Classically, the SMN is a pericentral network encompassing the superior temporal gyrus, mid-posterior insula, superior anterior parietal lobe, and central regions such as Rolandic operculum, precentral, postcentral, and central sulcus. Also typical, the VN is located in the occipital lobe21.

Statistical analysis

Associations of spontaneous thoughts with variations in FC

To investigate how spontaneous thoughts relate to the integration and segregation of core functional networks, we analyzed between-network and within-network FC in relation to the RSTPs using two separate mixed linear regression models. Between-network FC (21 edges, calculated as 7 × 6 ÷ 2) and within-network FC were determined using Fisher’s r-to-z transformed correlation values and served as the outcomes. The RSTP category (6 levels) was included as the predictor, with participant ID specified as a random effect.

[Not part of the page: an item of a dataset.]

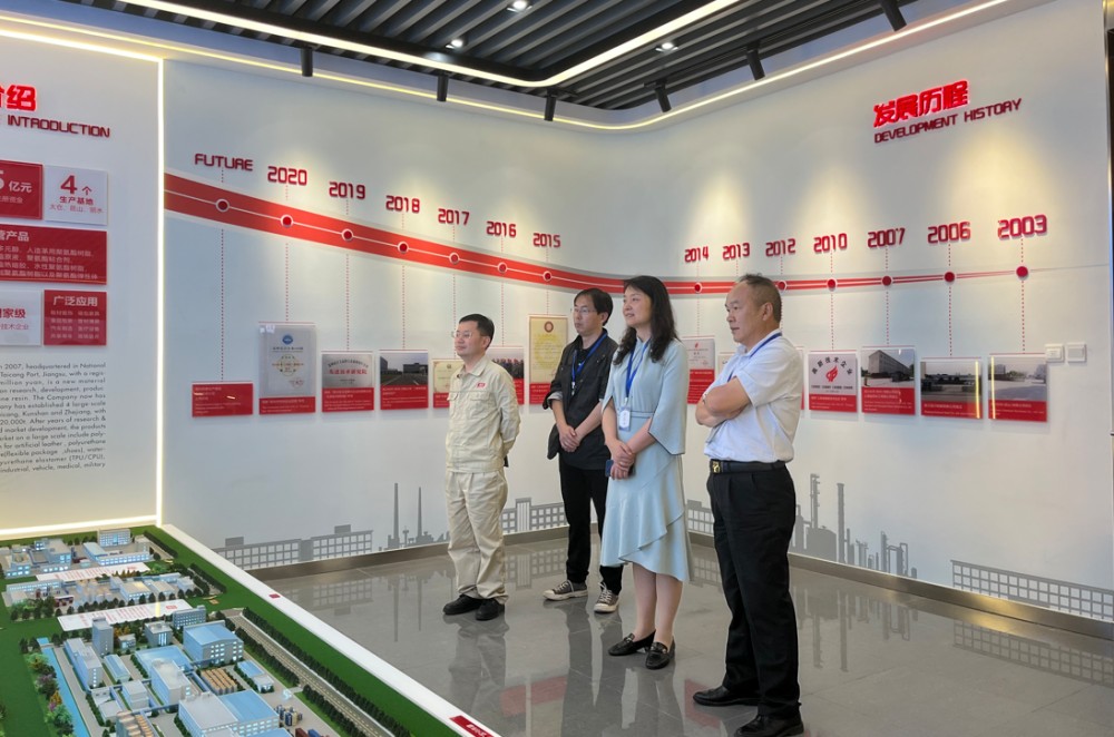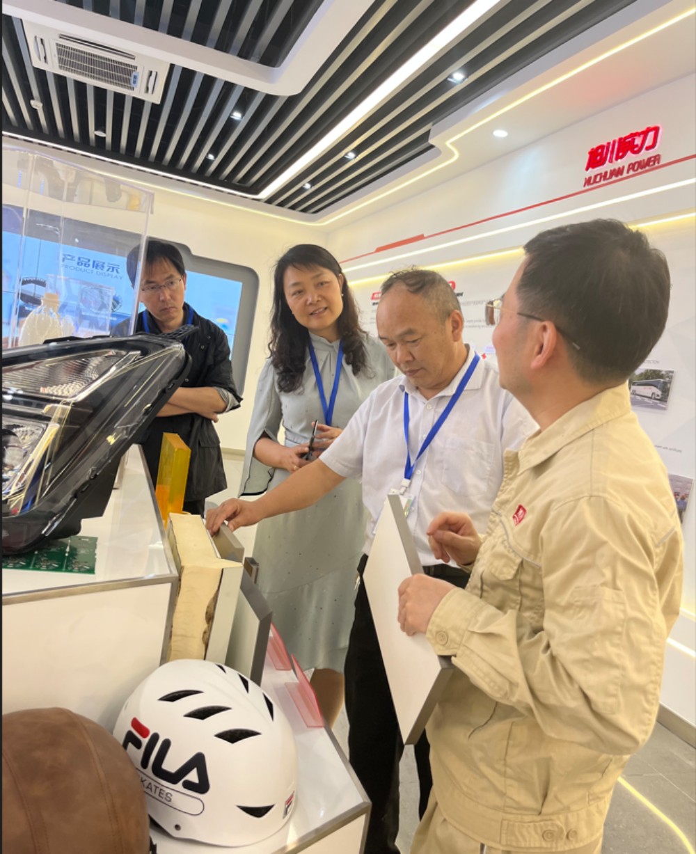 2023年5月18日高新区四小高校长带领教师团队莅临皇冠博彩参观了公司展厅、检测中心和实验室,并与实验员交流了制革打样流程。

Estimation and hypothesis testing of coefficients

A resampling bootstrap method was used with 1,000-fold replication to evaluate the uncertainty about fixed effect coefficient estimates and validate the internal reliability of the effects117. This method showed good consistency among fixed effect coefficient estimates. Then, the significance of fixed effects was assessed using ANOVA components and residuals were visually inspected for normality and homoscedasticity.

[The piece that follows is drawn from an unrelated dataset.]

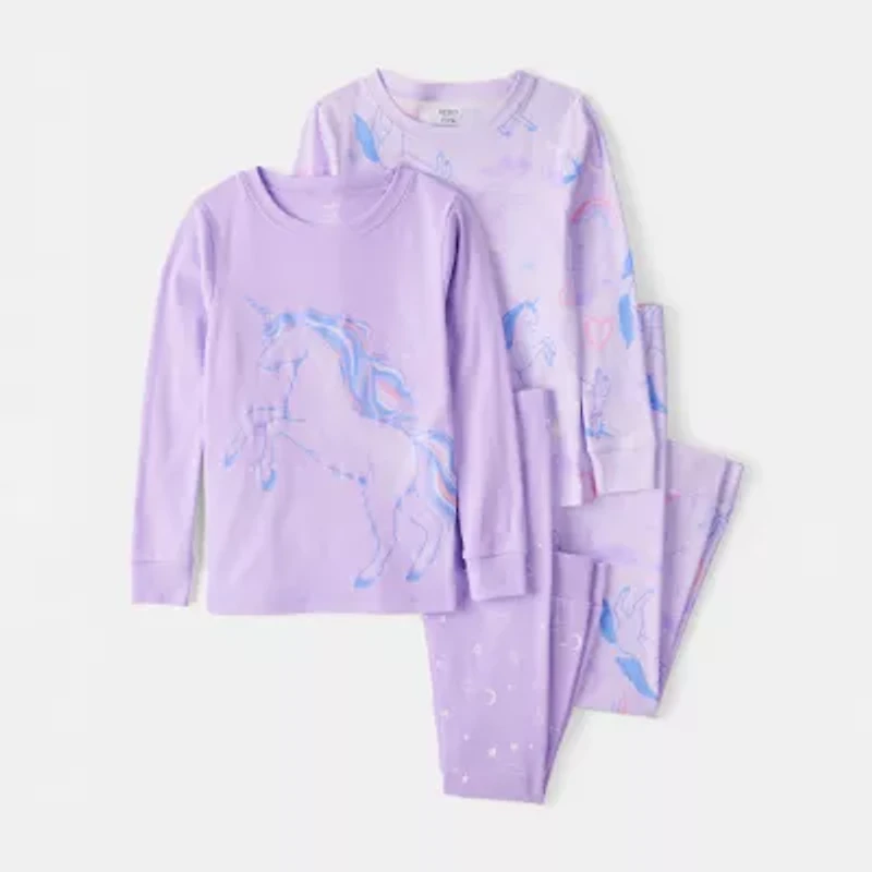Carter's Little & Big Kid Girls Rib Round Neck Long Sleeve 4-pc. Pajama Sets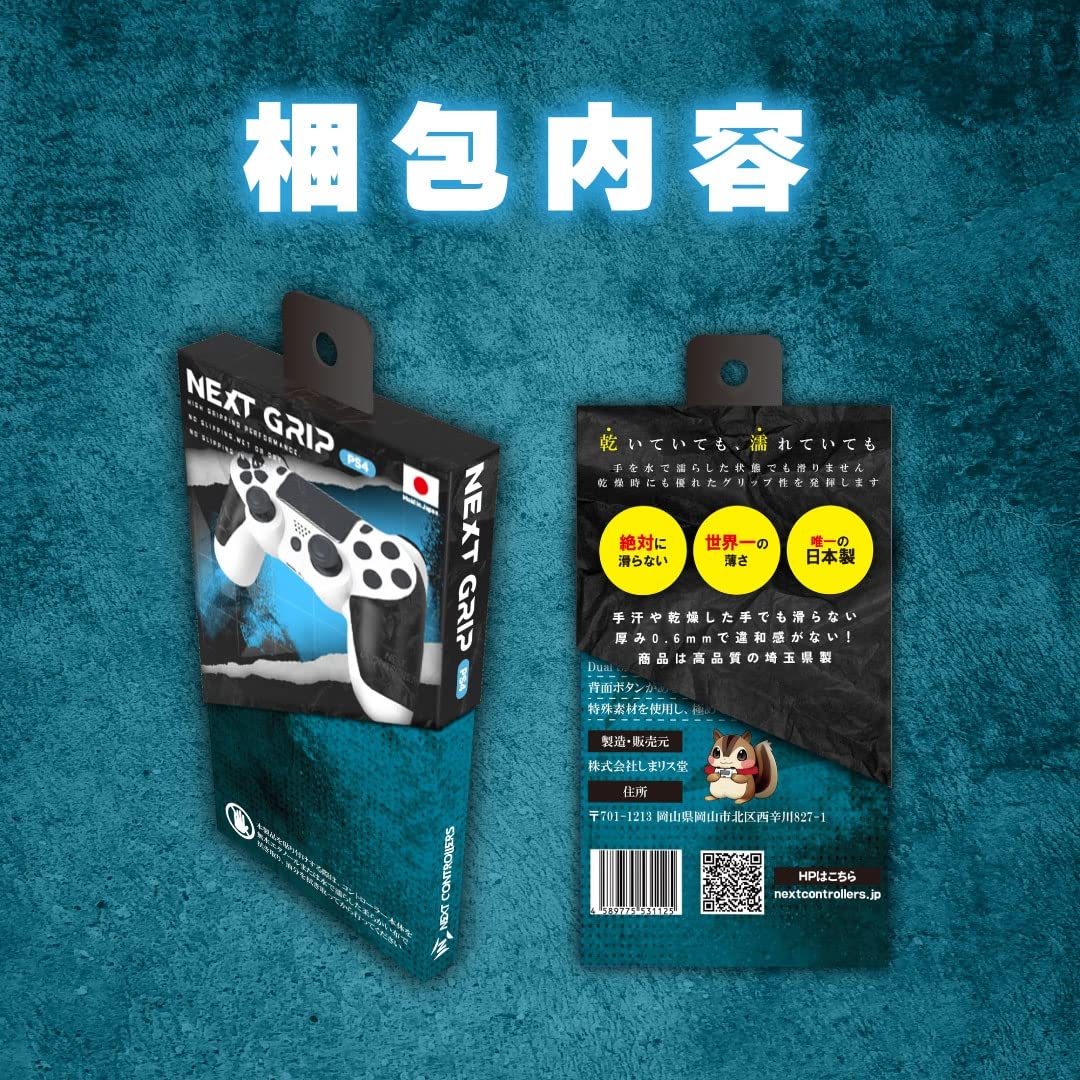 NEXTグリップは特殊素材を使用しており例え水に手を濡らして触っても、滑る事がありません。グリップ素材は埼玉県で製造され粘着部は寺岡製作所製、商品箱は山形県製となっており、全ての物がクオリティの高い国産となっております。 特に手汗が出がちな緊張感があるシーンや、どのようなシーンでもがっちりとコントローラーをホールドする事ができるため、手のポジションがずれる事が無くなり、エイムが驚異的に安定します。 NEXTグリップはゲームの操作性を完璧にサポートする究極のコントローラーグリップになります。

Addressing the influence of confounding factors

Fixed-effect covariates, including total intracranial volume, age, gender/sex, and drowsiness (i.e., APCC), were incorporated into the mixed linear regression models to account for their potentially confounding effects38,118.

Comparison of FC across the six RSTPs and interpretation threshold

To compare the FC of the six RSTPs, post hoc analyses were conducted using an alpha level of 0.05 for the significance threshold of hypothesis tests. The unstandardized slope coefficient (b) with its confidence interval was reported as effect size119. Detailed post hoc results, including effect sizes (b), standard errors (SE), degrees of freedom (df), t-values, p-values, and confidence intervals (lower.CL and upper.CL), are provided in Tables 1 and 2. Aiming to ensure the consistency of the observed differences, we focused exclusively on those involving one RSTP relative to at least two others to visualize and interpret the results.

Statistical analyses comparing RSTPs were conducted using RStudio (R 4.0.0)120,121. Mixed linear regression models were fitted with the lmerTest package (version 3.1-3)122 and post hoc analyses were performed with the emmeans package (version 1.4.7)123.